§ EXERCISE BRIEF
The reply should hold every line of the data below, unchanged, and none of the pictures.

§ DATA TO EXAMINE
┌──
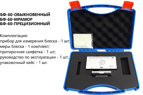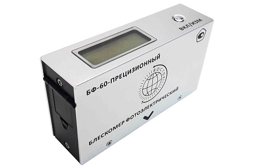 Блескомер модификации БФ-60-ПРЕЦИЗИОННЫЙ предназначен для измерений блеска в геометрии освещения/наблюдения 60°/60°. Размер измеряемого участка не более 14x28мм (эллипс). Калибровка показаний по установочной (настроечной) мере блеска поверхности производится вращением соответствующего регулятора. Результаты измерений, а также заданные режимы работы выводятся на жидкокристаллический дисплей 44x16 мм, хранение до 1000 результатов измерений, обеспечивает возможность передачи и работы с данными на внешнем ПК.
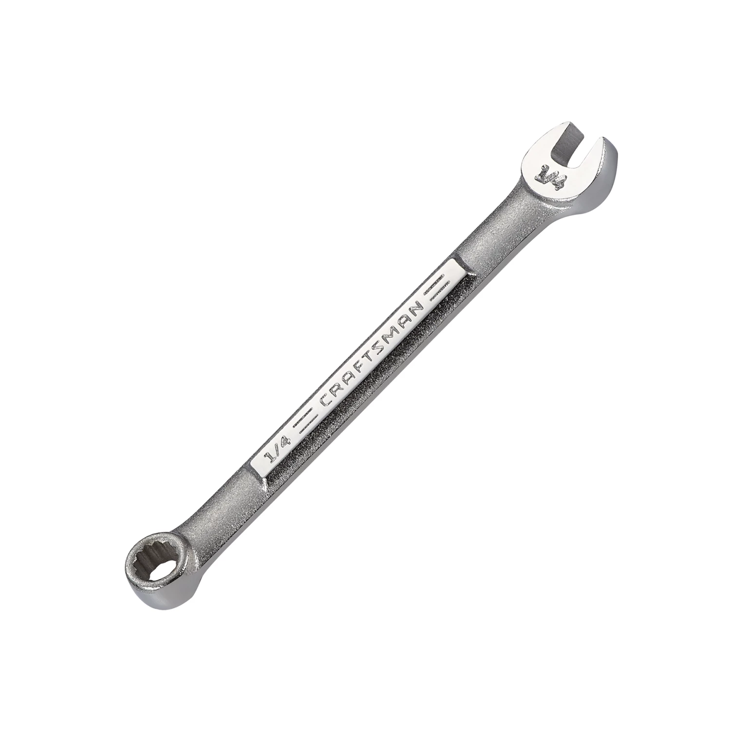 Get tough torque on stubborn fasteners with this Craftsman 1/4″ 12 point combination wrench. Forged from alloy steel for durability, this tool is heat treated, oil quenched and tempered for a uniform hardness and maximum strength. The nickel-chrome plated design resists rust and corrosion and simplifies cleaning.
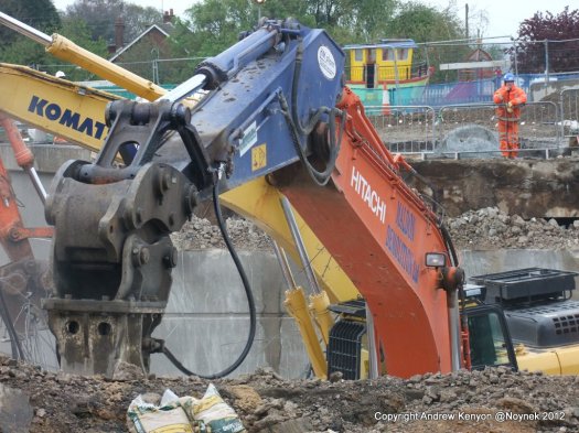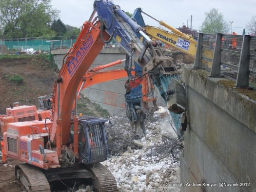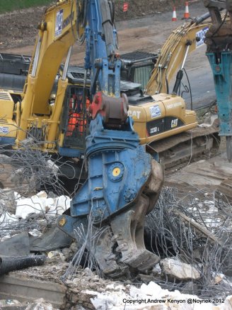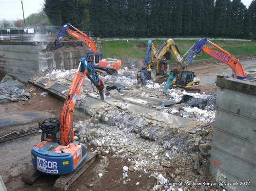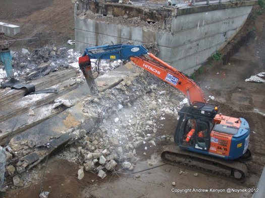 Once on the floor the deck beams and slab were at the mercy of half a dozen excavators with various tools including breakers and crushers (munchers) that were and continue to pulverise the concrete into small pieces for disposal off site. Before I left a number of the machines had started attacking the south abutment too.  I expect the whole bridge will be down and out by the end of the day.
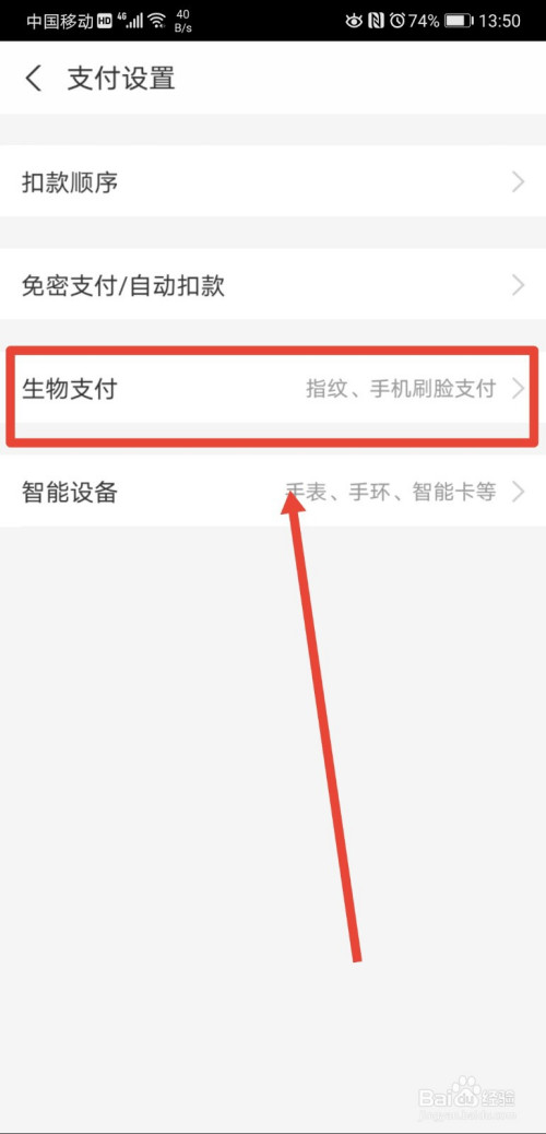 接下来再点击进入生物支付功能;
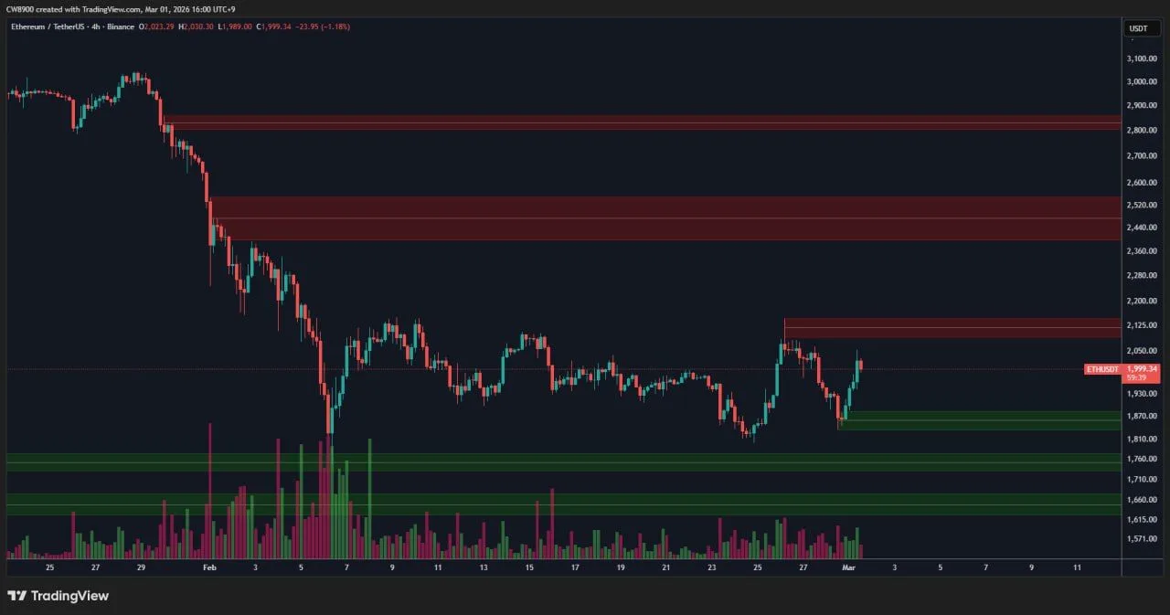 According to CW8900, a breakout above $2,125 is essential for further upward movement. If buyers push through that resistance and hold above it, the next supply region sits higher near the mid $2,400 area. However, if the sell wall holds, Ethereum could face renewed pressure and remain inside the broader range marked by lower support zones.
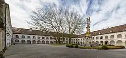Die Dreifaltigkeitssäule wurde von 1736 bis 1739 unter dem Abt Robert Leeb (1688–1755) von Giovanni Giuliani (1664–1744) und seiner Werkstatt mit dem Bildhauer Elias Hügel (1681–1755) und dem Steinmetzen Johann Georg Deprunner († 1740) errichtet. Die Säule wurde 1986/1987 restauriert.
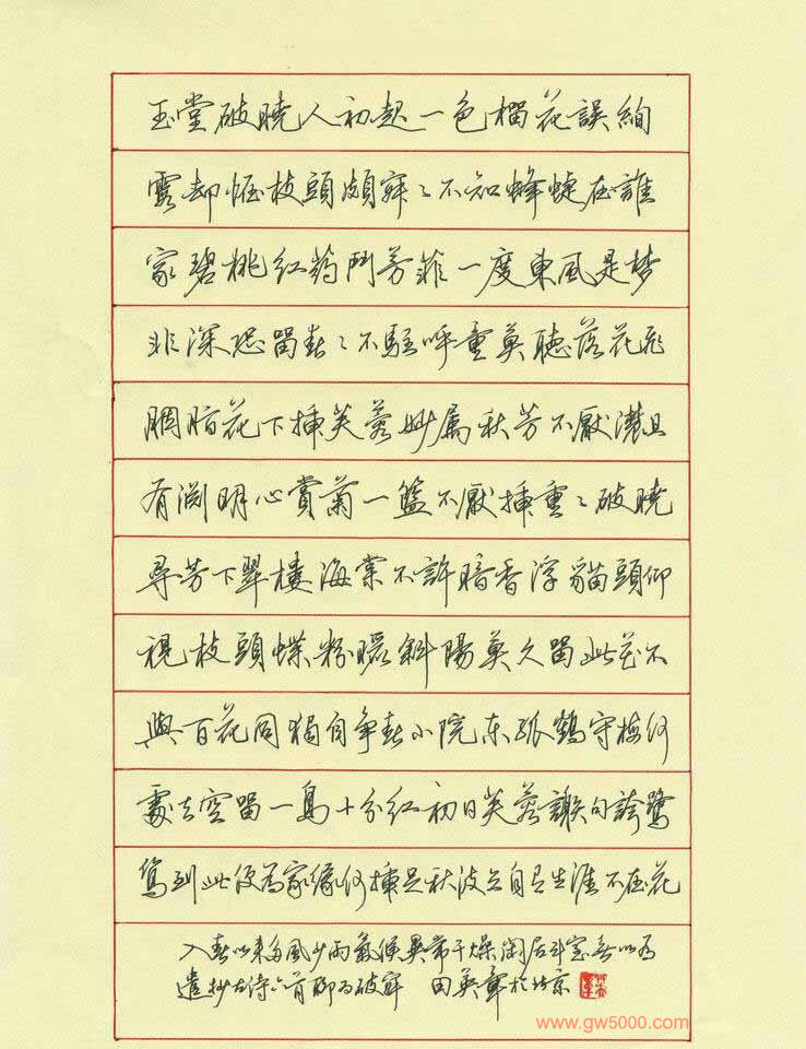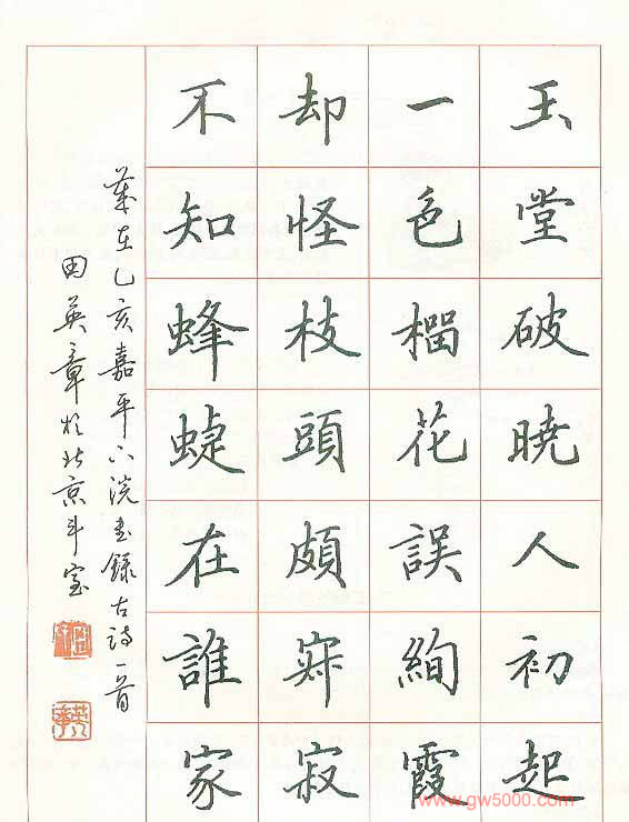 田英章,l950年生于天津,字存青、存卿,书法研究生,国家人事部干部。先后毕业于首都师范大学、日本东京学艺大学。l953年随父、伯、兄研习书法;l970—1980年在部队从事文艺;l977—1992年五次获得国内外书法展、赛一等奖;l981年加入中国书法家协会;198l—l990年特调国家人事局担任《国务院任命书》书写员;1991—1993年应日本邀请,在日本创写印刷字体楷书、行书两套,约五万余字;l996—2000年联络台湾、日本书法界友人创建北京长城碑林;1994—2000年主办过六次全国书画人才艺术交流大会;l983—l994年九次赴日本、香港、韩国、欧洲办展讲学和交流;1986—1996年主办国内国际大型书画展赛七次;自l985至今,曾在中央电视台、北京理工大学、中央民族学院、首都师范大学、林业大学、日本国艺书道院等单位教授硬笔书法、毛笔书法;l987—2002年出版书法字帖、教材、录象带、光盘七十余种。
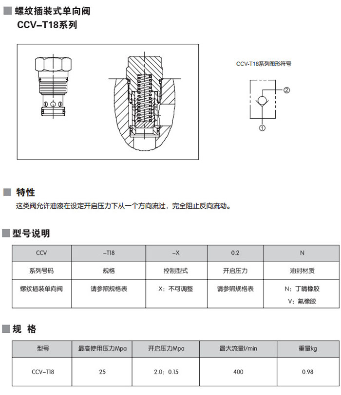 CCV-T18-X2.0N,CCV-T18-X2.0V,螺紋插裝式單向閥
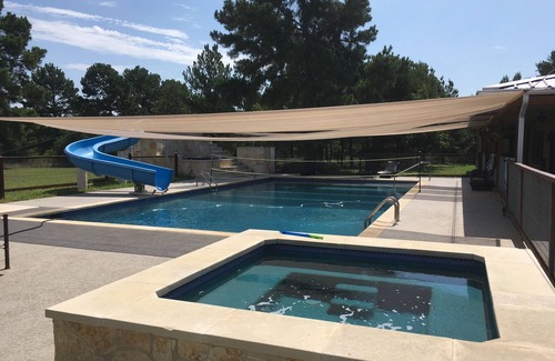 Yes, this Bastrop cabin has a swimming pool. Check the Facility Overview section for details about the pool and other available facilities.
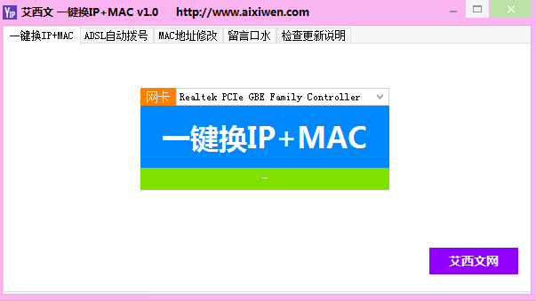 一键换IP+MAC是一款综合上网辅助工具,集合IP修改和MAC地址修改,操作方便,一键修改,没有多余的操作,无需重启,生效。一个软件就可以解决。非常的方便实用。
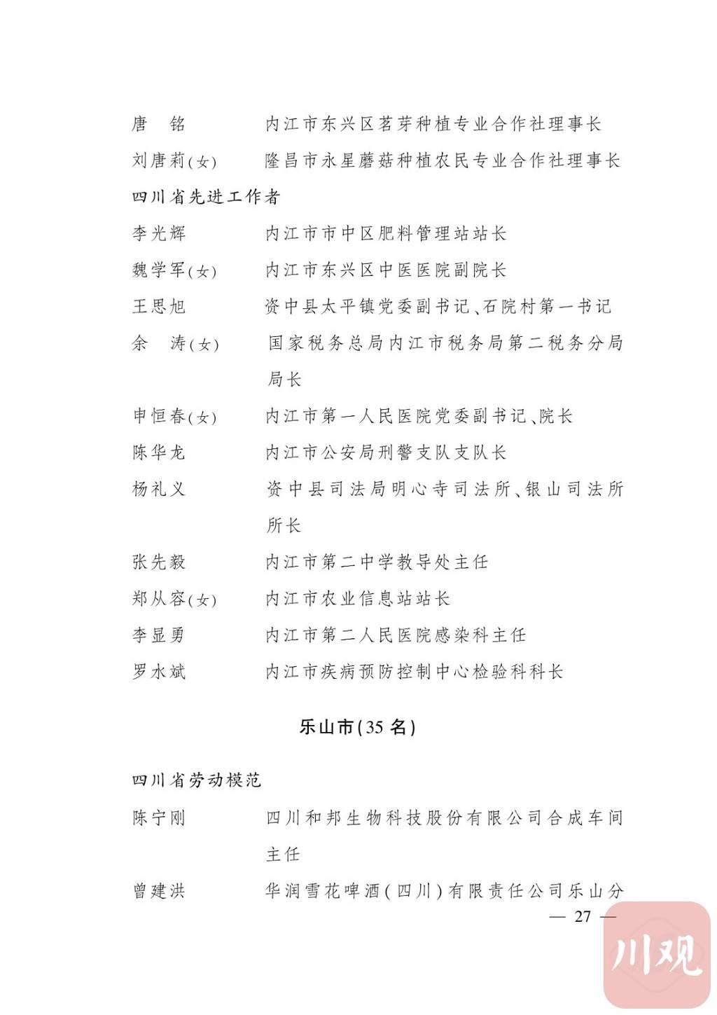 决定指出,2015年以来,全省各条战线的劳动者在推进实施省委“一干多支、五区协同”“四向拓展、全域开放”战略部署、推动四川高质量发展、坚决打赢新冠肺炎疫情防控阻击战中,涌现出一大批品德高尚、业务精湛、贡献突出的劳动者。为表彰他们的突出贡献,弘扬劳动光荣的社会风尚和精益求精的敬业风气,激励和带动全省各族人民共做新时代的奋斗者,省政府决定授予王从亮等519人“四川省劳动模范”称号,授予李晓静等279人“四川省先进工作者”称号。
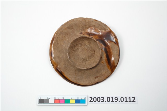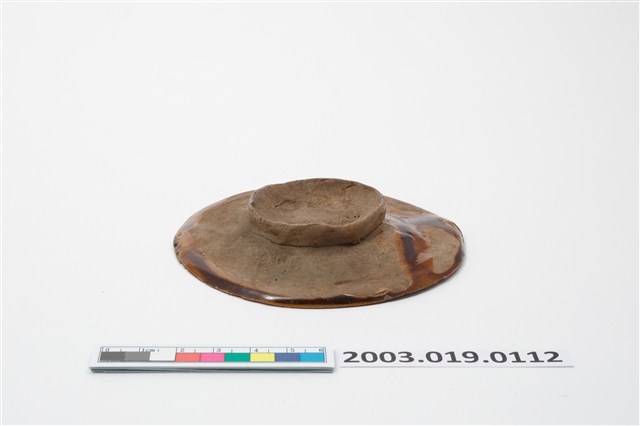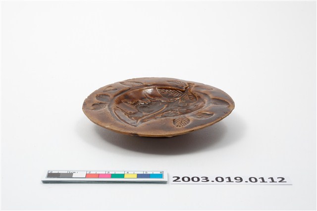 2003.019.0112 陶燒圓形單面雕桃紋帶鈕粿印
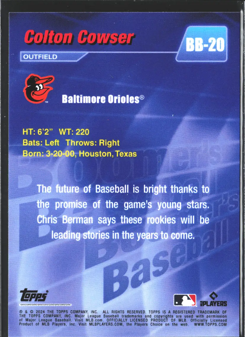 1st time buyer? Get $5 Off with code DISTRICT5 at checkout! Card as shown. All cards $20 and under ship PWE via lettertrackpro [https://www.letter-track.com/registerap.asp?AFID=8757] Type: Sports Trading Card Sport: Baseball Team: Baltimore Orioles Player/Athlete: Colton Cowser Manufacturer: Topps Features: Rookie Autographed: No Year Manufactured: 2024 Vintage: No Autograph Authentication: Topps Season: 2024 League: Major League (MLB) Material: Card Stock Original/Licensed Reprint: Original Country/Region of Manufacture: United States Set: 20241 Topps x Chris Berman Boomer's Baseball
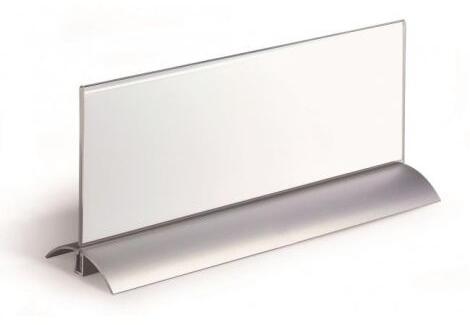 Stílusos asztali névtábla alumínium talppal. Az egyedi rögzítési rendszer megakadályozza, hogy a névcímke magától vagy nemkívánatos módon kinyomódjon. Mindkét oldalról leolvasható. Ideális konferenciákra, találkozókra vagy olyan helyekre, ahol az ügyfelekkel beszélgethet. Méretek: 105 x 297 mm
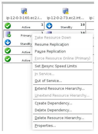 - By right-clicking on the DRBD resource and selecting an action from the popup menu.
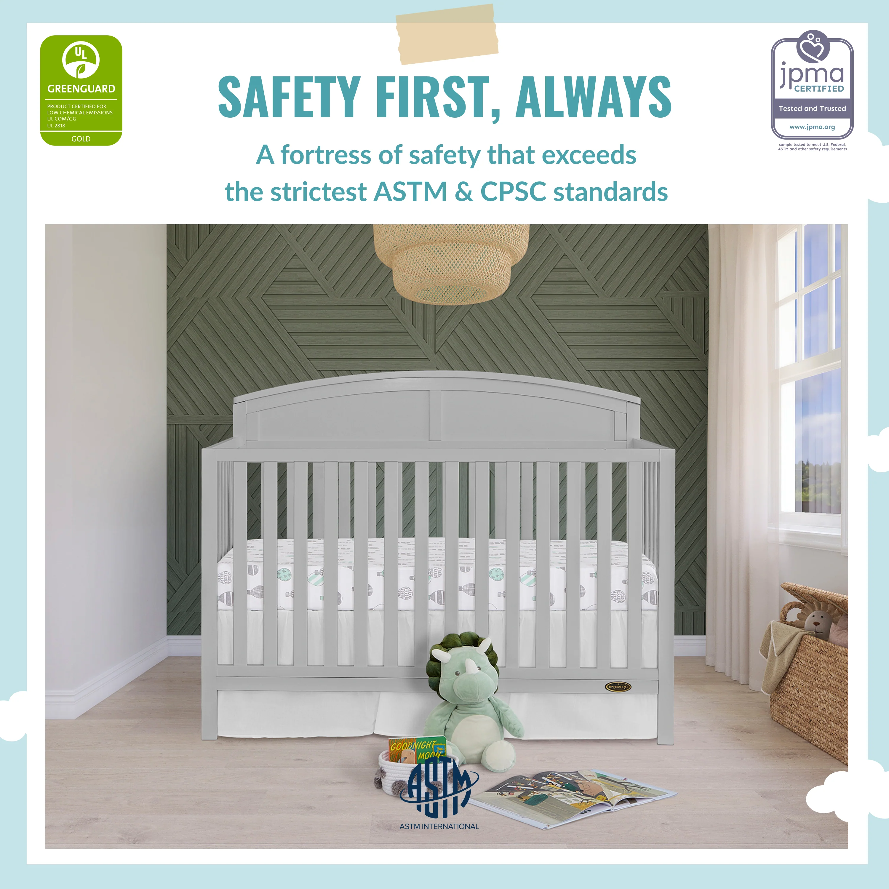 - SAFE CHOICE: The Dream On Me Storybrooke Crib provides utmost safety, as it is both JPMA & Greenguard Gold certified and meets/exceeds the ASTM & SOR standards.
└──
§ TASK SOLUTION
 Блескомер модификации БФ-60-ПРЕЦИЗИОННЫЙ предназначен для измерений блеска в геометрии освещения/наблюдения 60°/60°. Размер измеряемого участка не более 14x28мм (эллипс). Калибровка показаний по установочной (настроечной) мере блеска поверхности производится вращением соответствующего регулятора. Результаты измерений, а также заданные режимы работы выводятся на жидкокристаллический дисплей 44x16 мм, хранение до 1000 результатов измерений, обеспечивает возможность передачи и работы с данными на внешнем ПК.
 Get tough torque on stubborn fasteners with this Craftsman 1/4″ 12 point combination wrench. Forged from alloy steel for durability, this tool is heat treated, oil quenched and tempered for a uniform hardness and maximum strength. The nickel-chrome plated design resists rust and corrosion and simplifies cleaning.
 Once on the floor the deck beams and slab were at the mercy of half a dozen excavators with various tools including breakers and crushers (munchers) that were and continue to pulverise the concrete into small pieces for disposal off site. Before I left a number of the machines had started attacking the south abutment too.  I expect the whole bridge will be down and out by the end of the day.
 接下来再点击进入生物支付功能;
 According to CW8900, a breakout above $2,125 is essential for further upward movement. If buyers push through that resistance and hold above it, the next supply region sits higher near the mid $2,400 area. However, if the sell wall holds, Ethereum could face renewed pressure and remain inside the broader range marked by lower support zones.
Die Dreifaltigkeitssäule wurde von 1736 bis 1739 unter dem Abt Robert Leeb (1688–1755) von Giovanni Giuliani (1664–1744) und seiner Werkstatt mit dem Bildhauer Elias Hügel (1681–1755) und dem Steinmetzen Johann Georg Deprunner († 1740) errichtet. Die Säule wurde 1986/1987 restauriert.
 田英章,l950年生于天津,字存青、存卿,书法研究生,国家人事部干部。先后毕业于首都师范大学、日本东京学艺大学。l953年随父、伯、兄研习书法;l970—1980年在部队从事文艺;l977—1992年五次获得国内外书法展、赛一等奖;l981年加入中国书法家协会;198l—l990年特调国家人事局担任《国务院任命书》书写员;1991—1993年应日本邀请,在日本创写印刷字体楷书、行书两套,约五万余字;l996—2000年联络台湾、日本书法界友人创建北京长城碑林;1994—2000年主办过六次全国书画人才艺术交流大会;l983—l994年九次赴日本、香港、韩国、欧洲办展讲学和交流;1986—1996年主办国内国际大型书画展赛七次;自l985至今,曾在中央电视台、北京理工大学、中央民族学院、首都师范大学、林业大学、日本国艺书道院等单位教授硬笔书法、毛笔书法;l987—2002年出版书法字帖、教材、录象带、光盘七十余种。
 CCV-T18-X2.0N,CCV-T18-X2.0V,螺紋插裝式單向閥
 Yes, this Bastrop cabin has a swimming pool. Check the Facility Overview section for details about the pool and other available facilities.
 一键换IP+MAC是一款综合上网辅助工具,集合IP修改和MAC地址修改,操作方便,一键修改,没有多余的操作,无需重启,生效。一个软件就可以解决。非常的方便实用。
 决定指出,2015年以来,全省各条战线的劳动者在推进实施省委“一干多支、五区协同”“四向拓展、全域开放”战略部署、推动四川高质量发展、坚决打赢新冠肺炎疫情防控阻击战中,涌现出一大批品德高尚、业务精湛、贡献突出的劳动者。为表彰他们的突出贡献,弘扬劳动光荣的社会风尚和精益求精的敬业风气,激励和带动全省各族人民共做新时代的奋斗者,省政府决定授予王从亮等519人“四川省劳动模范”称号,授予李晓静等279人“四川省先进工作者”称号。
 2003.019.0112 陶燒圓形單面雕桃紋帶鈕粿印
 1st time buyer? Get $5 Off with code DISTRICT5 at checkout! Card as shown. All cards $20 and under ship PWE via lettertrackpro [https://www.letter-track.com/registerap.asp?AFID=8757] Type: Sports Trading Card Sport: Baseball Team: Baltimore Orioles Player/Athlete: Colton Cowser Manufacturer: Topps Features: Rookie Autographed: No Year Manufactured: 2024 Vintage: No Autograph Authentication: Topps Season: 2024 League: Major League (MLB) Material: Card Stock Original/Licensed Reprint: Original Country/Region of Manufacture: United States Set: 20241 Topps x Chris Berman Boomer's Baseball
 Stílusos asztali névtábla alumínium talppal. Az egyedi rögzítési rendszer megakadályozza, hogy a névcímke magától vagy nemkívánatos módon kinyomódjon. Mindkét oldalról leolvasható. Ideális konferenciákra, találkozókra vagy olyan helyekre, ahol az ügyfelekkel beszélgethet. Méretek: 105 x 297 mm
 - By right-clicking on the DRBD resource and selecting an action from the popup menu.
 - SAFE CHOICE: The Dream On Me Storybrooke Crib provides utmost safety, as it is both JPMA & Greenguard Gold certified and meets/exceeds the ASTM & SOR standards.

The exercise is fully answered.